The gathering's ambition to boost economic and social development in poor countries revolves around a pledge under the UN's Millennium Development Goals to connect all the villages of the world to the Internet by 2015.

"It is striking that the 400,000 citizens of Luxembourg have more Internet access than the 800 million residents in Africa," UN Under Secretary for Communications Shashi Tharoor told reporters.



"We need to scale up what exists in Africa, in various parts of Asia. There has been remarkable progress in China and that's a reflection of the booming economy there, there's been less of that progress elsewhere," Tharoor added.



Some 800,000 "villages" predominantly in poor countries, still need to be connected in the next decade, according to the UN's International Telecommunications Union (ITU), which is organising the summit with Tunisia.

The cost of the effort, one billion dollars, represents one percent of the annual global investment in mobile telephone connections.
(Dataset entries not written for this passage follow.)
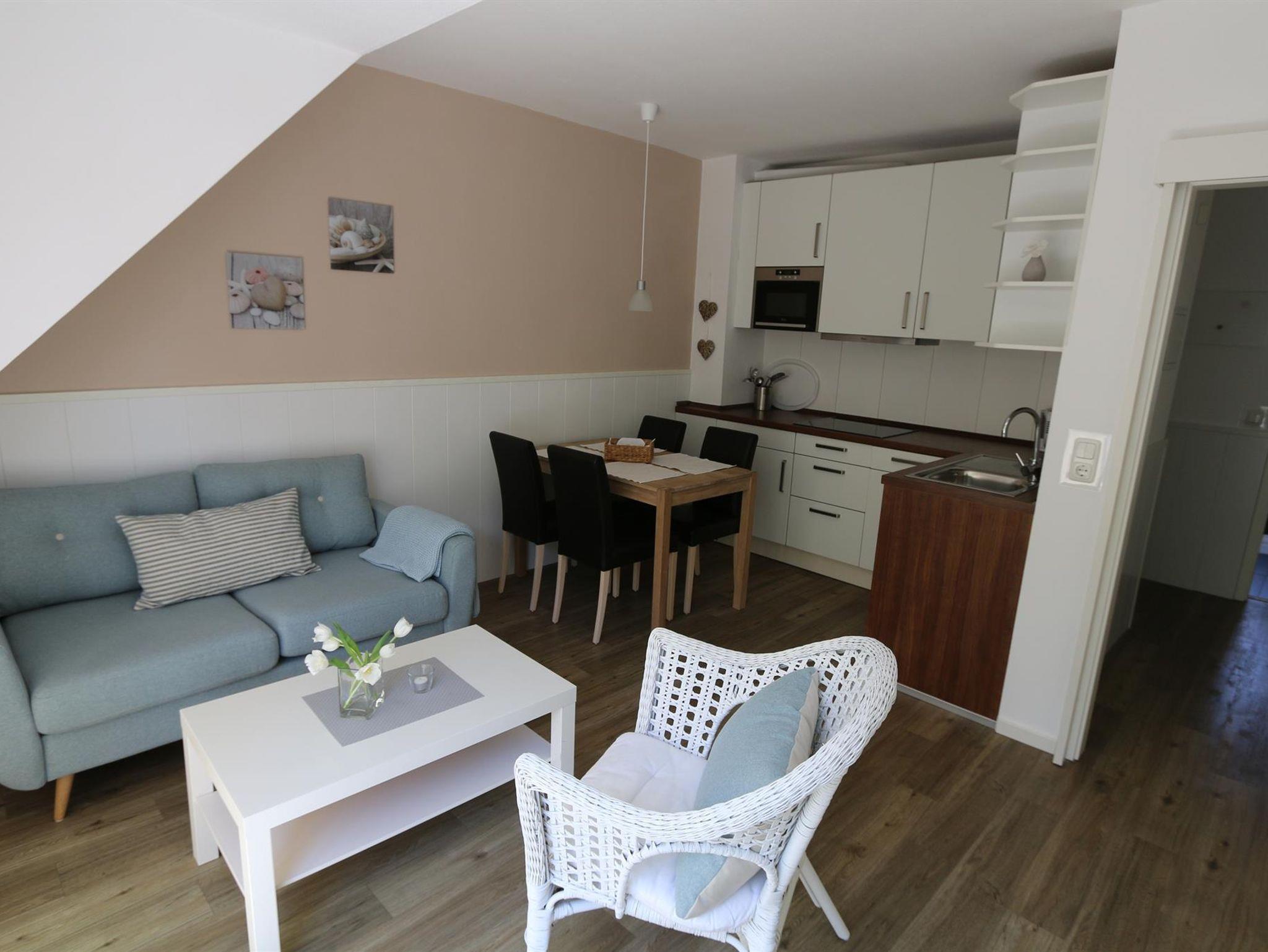 Helles Appartement mit Balkon und moderner Ausstattung in St. Peter-Ording, ideal für Familien und Erholung am Meer.
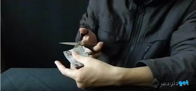 2. 你拿出一把普通剪刀,当着所有人的面,把签了名的纸币剪成 3-4 段,还能把碎片递给前排观众看一眼;
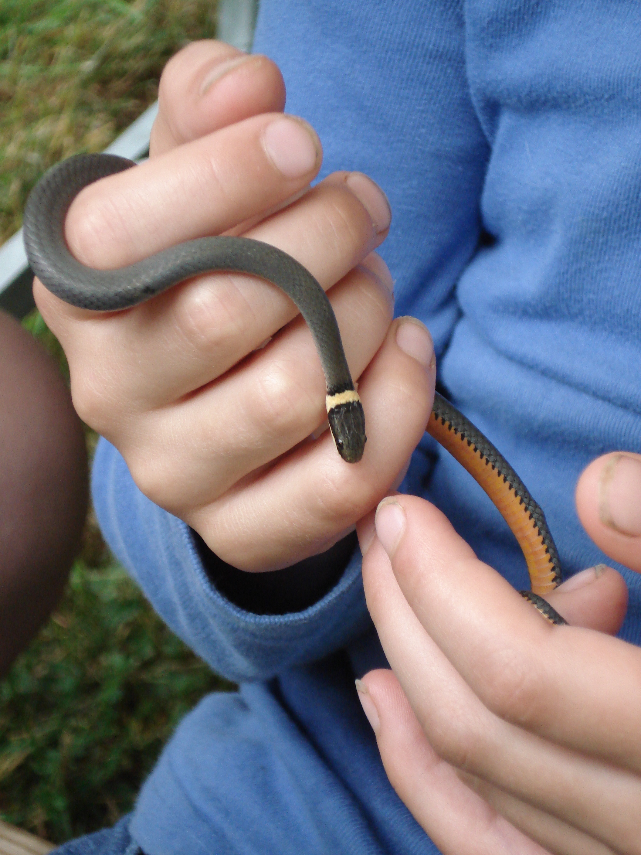 14_Herps_Ring Necked Snake_Bonnie Bowen Published February 7, 2019 at 2112 × 2816 in February 5-11, 2019 (Week 6 of 52): Cold-Blooded Critters Just Chill for Winter ← Previous Next → Ring-necked snakes “hibernate” in animal burrows, stumps, rock crevices, etc. (photo by Bonnie Bowen)
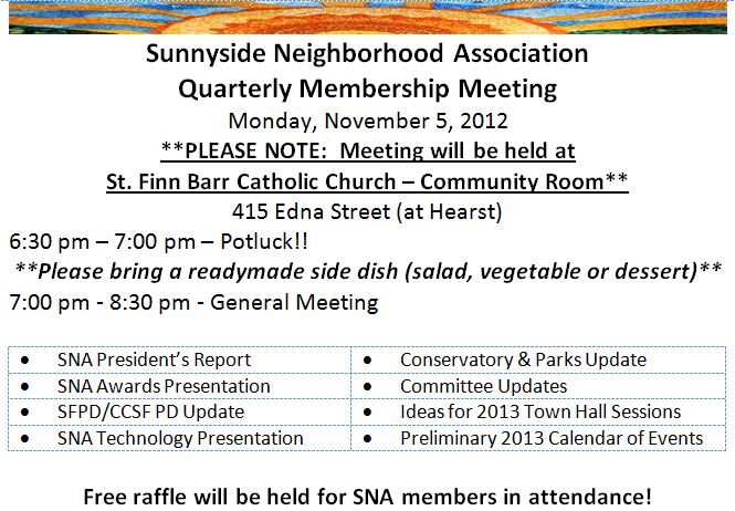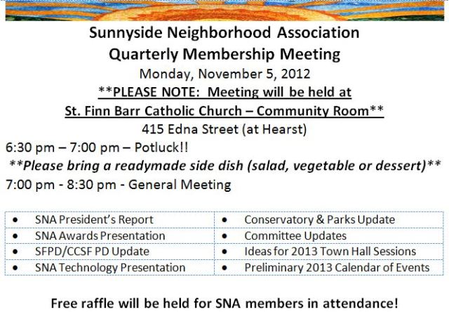SNA Quarterly Meeting & Holiday Potluck – Monday November 5 – St. Finn Barr Community Room On October 30, 2012 By Sunnyside Neighborhood AssociationIn Uncategorized SNA’s quarterly meeting is being held this coming Monday, November 5 at 6:30 p.m. Meeting is a holiday potluck and will be held at St. Finn Barr Catholic Church – Community Room – 415 Edna Street (at Hearst) **Please bring a readymade side dish (salad, vegetable or dessert)** Share this: Share on Facebook (Opens in new window) Facebook Share on Threads (Opens in new window) Threads Share on Mastodon (Opens in new window) Mastodon Share on Bluesky (Opens in new window) Bluesky Like Loading... Related
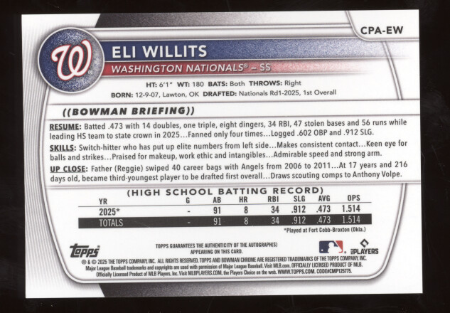 You are purchasing a 2025 Bowman Chrome Draft Prospect Autographs Eli Willits #CPA-EW 1st Bowman. You will receive the exact item in the photographs. Thank you for looking.
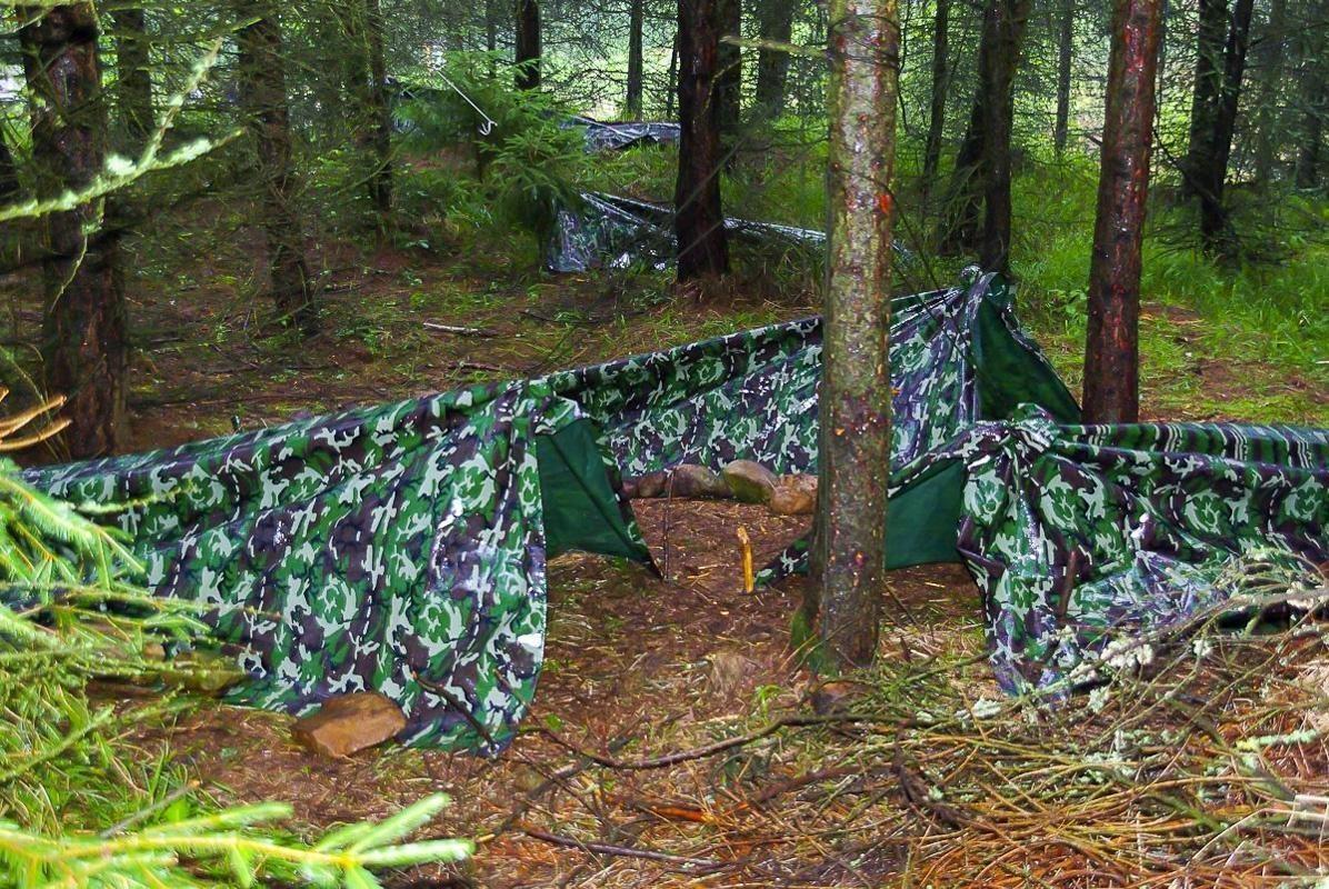 Tarp-Notunterkunft aus Camouflage-Material zwischen Bäumen im Wald
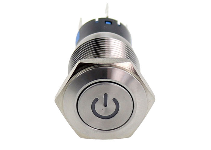 แผงยึด 16 มม. ต่อต้าน สวิตช์ปุ่มกดป่าเถื่อนสัญลักษณ์พลังงาน Led 12v 220v Latching Momentary รถ สวิตช์
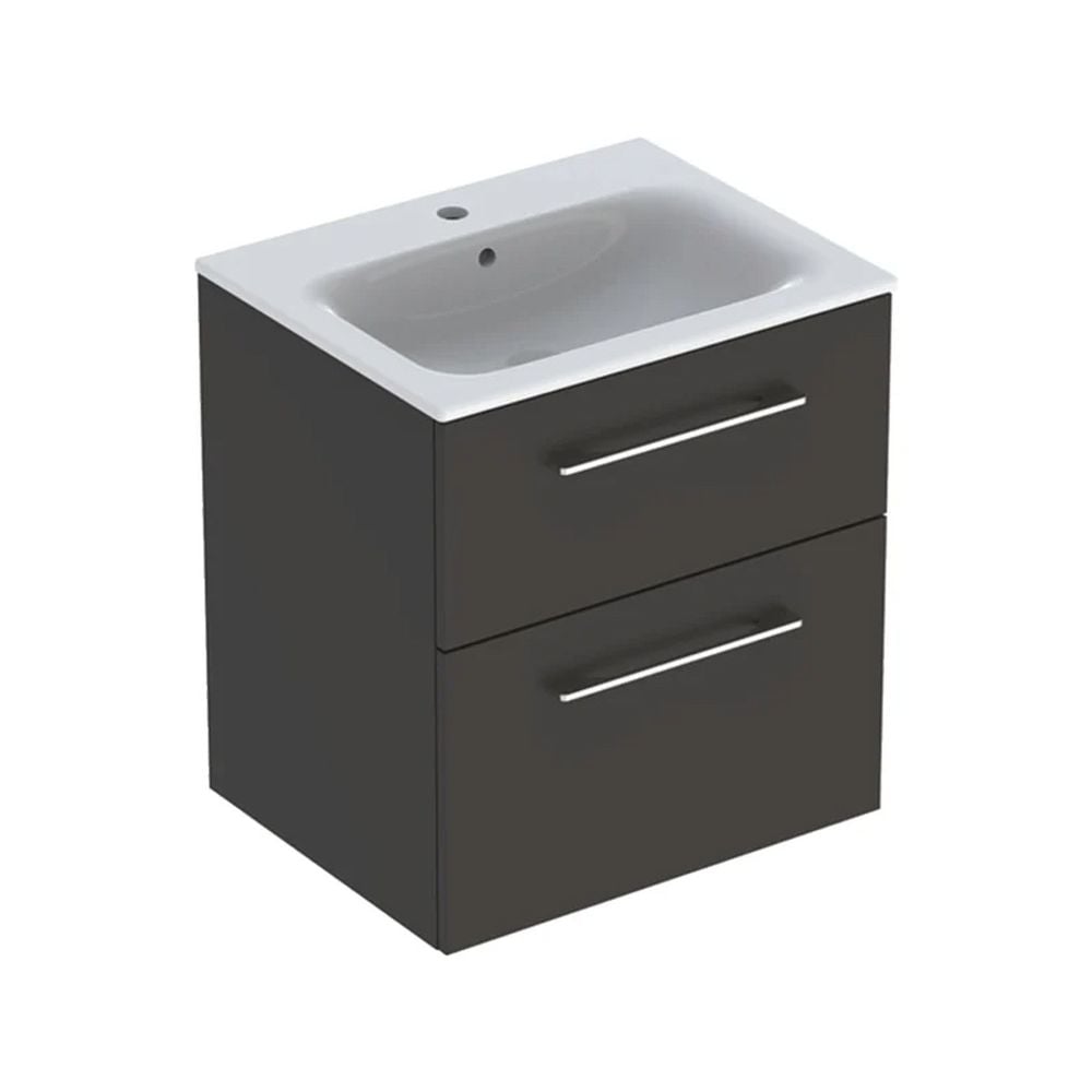 Set dulap baie cu lavoar incastrat Geberit Selnova Square, 60 cm, gri inchis mat

"The hurdle here is more political than financial," Annan told the summit Wednesday.
http://www.todayonline.com/articles/84718.asp
 
[quote name='alonzomourning23']Because by putting the technology that is currently u.s. dominated (with a few exceptions, such as icq) into the hands of international organizations you would increase the involvement and participations of other countries. It would give them more of a say in how the internet works (compared to just the u.s.). It would also open the door for different ways of marketing it, such as having addresses written in other languages other than just the roman alphabet, the major ones being chinese, arabic and urdu. About half the world does not use the roman alphabet, yet it is required knowledge to effectively use the internet. It would also increase support to developing nations in imporving their internet infrastructure, something that is needed to continue expanding internet reach.

There would also be a force set up to help prevent the spread of viruses and other similar issues. [/QUOTE]

With all due respect every single reason you listed is a function of private enterprise. ICANN has absolutely zero to do with any of those issues.

Local keyboards/language adoption? Private enterprise or national government intervention. Marketing? Private enterprise. You want foreign alphabet support for web addresses? ICANN can do it.

Langueage knowledge to use the internet? Again, either a function of national government or private enterprise. Increasing support to developing nations? National responsibility.

None of what you listed would fall under ICANN jurisdiction or an EU or UN proposal for regulating registrations and physical routing of the Internet.